The plot above shows the win distribution per conference over the last 3 years.

Style of Play (Clustering Analysis)

Below we can see the overview of the offensive data for all NCAA teams from 2013 to 2015. This table will be super useful later on.

Value Minimum Maximum Mean Median Stdev
Wins 0.000 14.00 6.72 7.00 3.188
Plays Per Game 59.667 87.54 71.71 71.42 5.424
Yards per Play 1.919 7.67 5.63 5.56 0.800
Yards per Score 6.981 24.23 14.36 13.78 2.451
Time per Play (Seconds) 19.506 32.07 25.22 25.10 2.639
Total Offense Yards (per Game) 120.080 618.77 404.87 400.08 70.717
Offensive Ratio per Game (Passing Yards/Rushing Yards) 0.175 12.00 1.52 1.40 0.891

As we all know, College Football is being taken over by the Spread Offense. There are other styles, such as the option and pro style. Let’s see if we can use stats to identify various styles of play. Additionally, I am hoping to see whether style of play corresponds to a higher win percentage. There are various styles of play, option, spread, and pro style offenses. The four main schools of spread offense are: (1) Air Raid, (2) Spread Option, (3) Smashmouth Spread and (4) Pro-style Spread.

Traditionally speaking different styles are defined by the types of sets they come out of. A pro style offense will traditionally come out in the I-formation or the pistol formation and very rarely line up in shotgun. Whereas a traditional spread team will line up in the shotgun and very rarely anything else. Of course each coach has their own wrinkles.
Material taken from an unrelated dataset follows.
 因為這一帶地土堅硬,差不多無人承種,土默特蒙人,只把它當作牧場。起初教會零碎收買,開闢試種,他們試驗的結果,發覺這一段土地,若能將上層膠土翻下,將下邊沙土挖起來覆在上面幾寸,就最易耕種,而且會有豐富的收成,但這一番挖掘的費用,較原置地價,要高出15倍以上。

The question was how to mathematically quantify styles of play. Luckily enough, each style of play has distinct characteristics and these can be seen in the stats. For instance, a successful spread team usually runs a high number of plays per game. Spread offenses are also extremely quick and incorporate no-huddles when they catch defenses in the wrong set, this correlates to lower Time of Possession (than Pro-Style offenses) and very short time per play. It is important to note, that traditionally when talking about time and spread offenses, ESPN and other TV broadcasts highlight the time from the end of the previous play to the snap of the next play. Sadly, we don’t have access to such data.
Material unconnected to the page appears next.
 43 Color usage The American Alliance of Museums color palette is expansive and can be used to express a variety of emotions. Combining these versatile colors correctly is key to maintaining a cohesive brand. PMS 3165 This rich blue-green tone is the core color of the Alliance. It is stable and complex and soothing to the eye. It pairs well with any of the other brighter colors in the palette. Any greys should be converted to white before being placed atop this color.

I chose the following statistics to identify team styles via a clustering analysis. These statistics were deemed to be the best indicators of style. They are as follows:
* Number of Plays Per Game
* Yards Per Play
* Time Per Play
* Total Offensive Yards Per Game
* Ratio: (Passing Yards Per Game/Rushing Yards Per Game)

The next question is how to use stats that have different units. The stats are scaled using the scale function in R. The scale function centers a set of values by subtracting each value by the mean and dividing by the standard deviation. At this point, we should be able to start running our analysis.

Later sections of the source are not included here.